- _What needs to be done_
Although the entries contain pictures, only their text goes into the copy, set down exactly.

- _Listed entries_
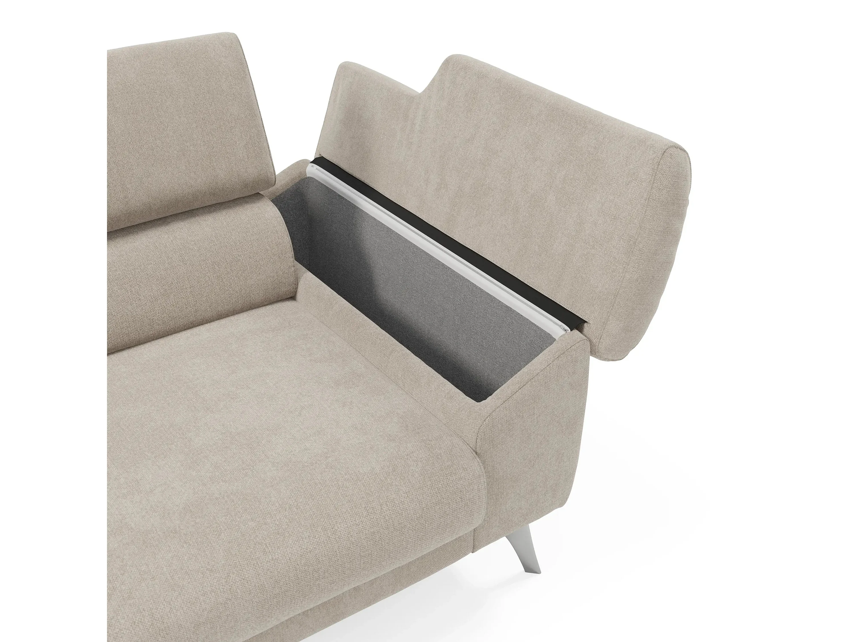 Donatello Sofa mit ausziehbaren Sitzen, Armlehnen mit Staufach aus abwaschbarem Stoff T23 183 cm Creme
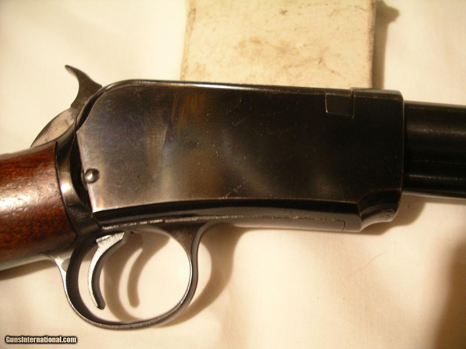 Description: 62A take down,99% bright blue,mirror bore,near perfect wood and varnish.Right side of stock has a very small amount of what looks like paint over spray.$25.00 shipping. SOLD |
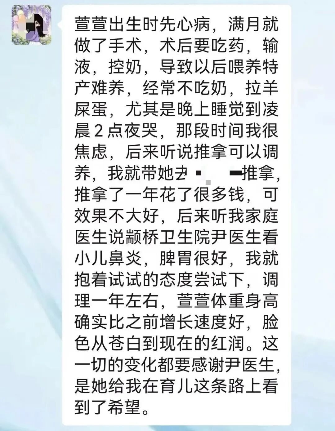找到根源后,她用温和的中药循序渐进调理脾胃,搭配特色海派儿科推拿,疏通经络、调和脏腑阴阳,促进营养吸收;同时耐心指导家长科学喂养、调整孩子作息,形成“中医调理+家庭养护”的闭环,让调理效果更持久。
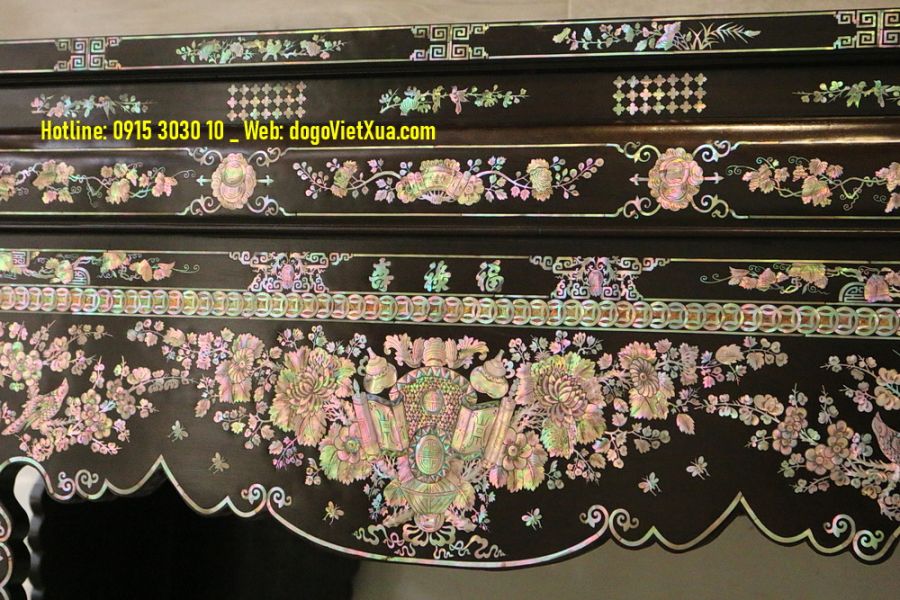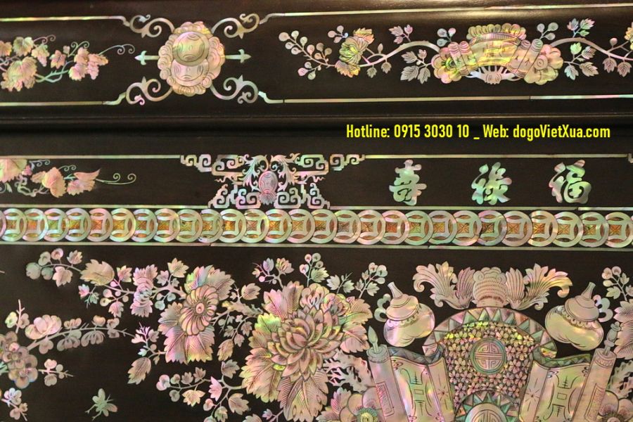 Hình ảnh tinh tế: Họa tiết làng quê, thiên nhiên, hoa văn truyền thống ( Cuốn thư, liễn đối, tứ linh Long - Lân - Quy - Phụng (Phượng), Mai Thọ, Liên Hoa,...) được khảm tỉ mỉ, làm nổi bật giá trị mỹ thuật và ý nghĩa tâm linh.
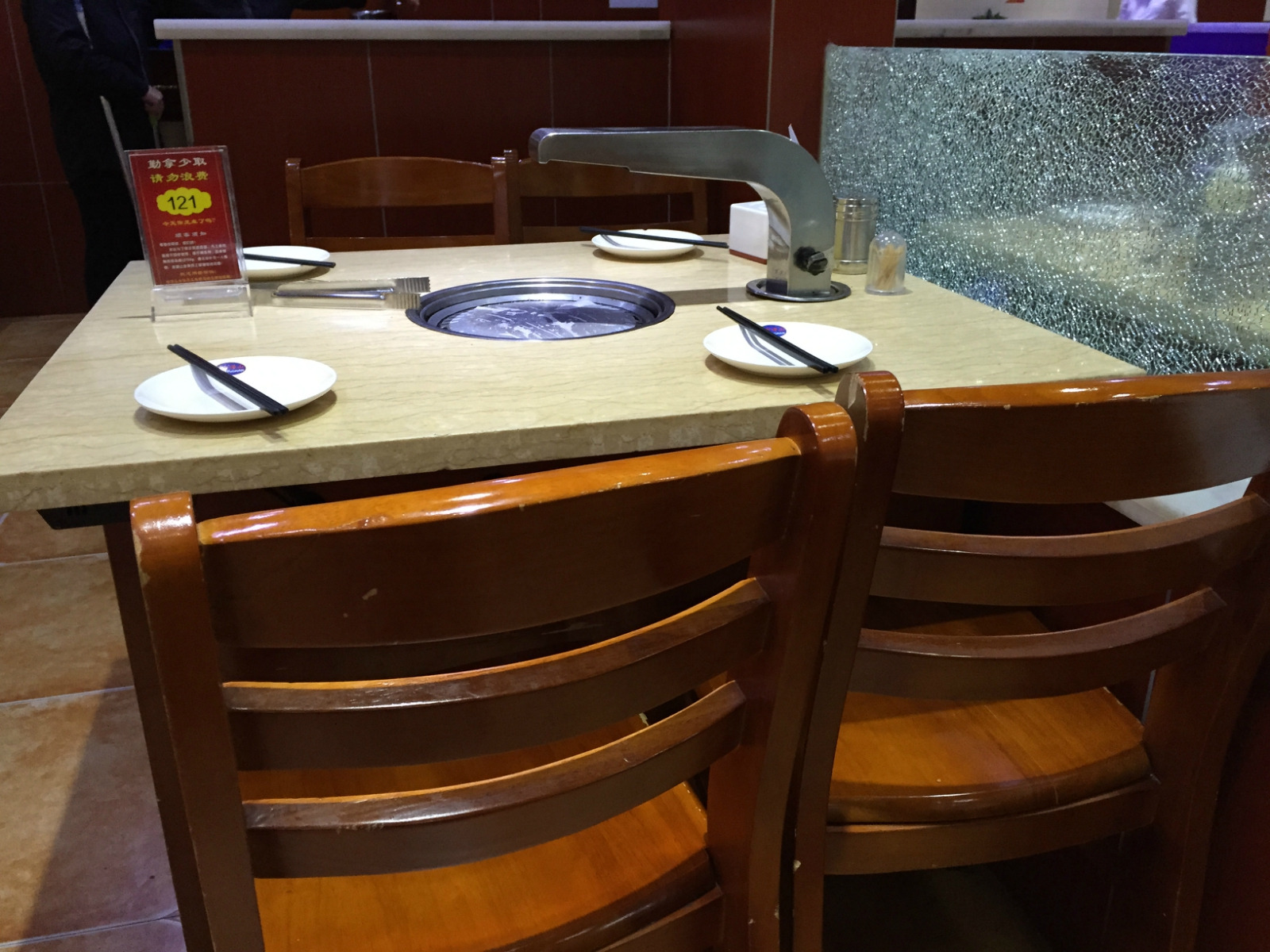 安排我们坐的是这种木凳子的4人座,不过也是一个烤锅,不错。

- _Answer to the problem_
 Donatello Sofa mit ausziehbaren Sitzen, Armlehnen mit Staufach aus abwaschbarem Stoff T23 183 cm Creme
 Description: 62A take down,99% bright blue,mirror bore,near perfect wood and varnish.Right side of stock has a very small amount of what looks like paint over spray.$25.00 shipping. SOLD |
找到根源后,她用温和的中药循序渐进调理脾胃,搭配特色海派儿科推拿,疏通经络、调和脏腑阴阳,促进营养吸收;同时耐心指导家长科学喂养、调整孩子作息,形成“中医调理+家庭养护”的闭环,让调理效果更持久。
 Hình ảnh tinh tế: Họa tiết làng quê, thiên nhiên, hoa văn truyền thống ( Cuốn thư, liễn đối, tứ linh Long - Lân - Quy - Phụng (Phượng), Mai Thọ, Liên Hoa,...) được khảm tỉ mỉ, làm nổi bật giá trị mỹ thuật và ý nghĩa tâm linh.
 安排我们坐的是这种木凳子的4人座,不过也是一个烤锅,不错。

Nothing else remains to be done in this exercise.